How to pushdown function in targetlist with FDW?
And if it can not pushdown, do you have a plan to add features?

Regards,
Shigeo Hirose



Re: How can I pushdown of functions used in targetlist with FDW ?

От
Tom Lane
Дата:
shigeo Hirose <shigeo.hirose@toshiba.co.jp> writes:
> How can I pushdown of functions used in targetlist with FDW ?

There is, AFAIK, no provision for that.  There's not a lot of
reason to consider adding it either, because there's no reason
to suppose that the remote node can run such a function any
faster than the local node.  So the difficulty and risk of
determining/assuming that f(x) on the local node is the same
as f(x) on the remote node doesn't seem like it'd be repaid.

You can force matters by making a foreign table that points to a view
on the remote side, where the view includes the function call as an
output column.  It wouldn't be perfectly transparent of course; you'd
have to modify the local query to refer to that column rather than
calling the function explicitly.

            regards, tom lane



Re: How can I pushdown of functions used in targetlist with FDW ?

От
Stephen Frost
Дата:
Greetings,

* Tom Lane (tgl@sss.pgh.pa.us) wrote:
> shigeo Hirose <shigeo.hirose@toshiba.co.jp> writes:
> > How can I pushdown of functions used in targetlist with FDW ?
>
> There is, AFAIK, no provision for that.  There's not a lot of
> reason to consider adding it either, because there's no reason
> to suppose that the remote node can run such a function any
> faster than the local node.  So the difficulty and risk of
> determining/assuming that f(x) on the local node is the same
> as f(x) on the remote node doesn't seem like it'd be repaid.
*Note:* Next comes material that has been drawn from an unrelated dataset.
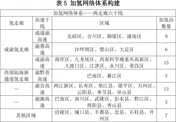 ——规划布局。以“两走廊六干线”为核心骨架(具体布局详见表5),以枢纽站点为重要支撑,构建全域覆盖、高效衔接的加氢服务网络。重点推进“两大”关键走廊建设:一是成渝氢走廊,重点覆盖成渝、渝蓉、成遂渝高速沿线;二是西部陆海新通道氢走廊,聚焦渝黔桂高速沿线布局。同时,同步推进渝湘高速、渝宜高速等重要物流通道的加氢站点建设,最终形成串联全市主要城区、重点工业园区及核心物流枢纽的干线加氢服务网络,实现加氢服务的广域覆盖与高效供给。
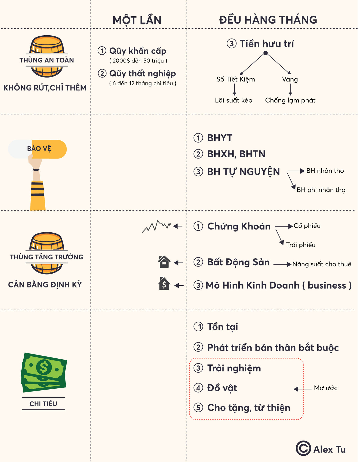 TRẢ CHO BẢN THÂN = THÙNG AN TOÀN + BẢO VỆ + THÙNG TĂNG TRƯỞNG

Well, for starters, isn't there something in the SQL/MED spec about
this..?

Next, we already do this for aggregates.

Also, I don't think I agree with this particular position- it's entirely
possible that the remote server is much less loaded/busy than the local
one and therefore it'd be beneficial, overall, to run that function on
the remote system and not the local one.  The function might even have
side-effects or use other objects in the system to run.  The function
may also return a much smaller result than pulling back the raw data (of
course, the opposite could also possibly be true).

I guess my gut feeling is that, in general, we should push down as much
of the query as possible, as we do for aggregates and joins and
conditionals.  I appreciate that there's some complications here when it
comes to figuring out if it's possible/reasonable to push down something
like, say, a volatile function that's locally defined and known to exist
on the remote.  Haven't got a particular idea how to address that
offhand but that doesn't change my feelings that we should have a way to
do this generally and that it would actually be useful to have.

Thanks,

Stephen

Вложения

Re: How can I pushdown of functions used in targetlist with FDW ?

От
Tom Lane
Дата:
Stephen Frost <sfrost@snowman.net> writes:
> * Tom Lane (tgl@sss.pgh.pa.us) wrote:
>> There is, AFAIK, no provision for that.  There's not a lot of
>> reason to consider adding it either, because there's no reason
>> to suppose that the remote node can run such a function any
>> faster than the local node.

> Also, I don't think I agree with this particular position- it's entirely
> possible that the remote server is much less loaded/busy than the local
> one and therefore it'd be beneficial, overall, to run that function on
> the remote system and not the local one.

Or the reverse.  We have no way of estimating such effects.

> The function might even have
> side-effects or use other objects in the system to run.

In such a case, we *can't* be pushing down.  The entire foundational
principle of this behavior is that we must be certain that a pushed-down
operation has exactly the same semantics on either node.  Otherwise,
the planner's choices are not optimizations but query behavior changes,
and we can't have that.  If you've got a function like that to run
on the remote end, you have to embed it in a remote view -- we simply
don't have another option.

> The function
> may also return a much smaller result than pulling back the raw data (of
> course, the opposite could also possibly be true).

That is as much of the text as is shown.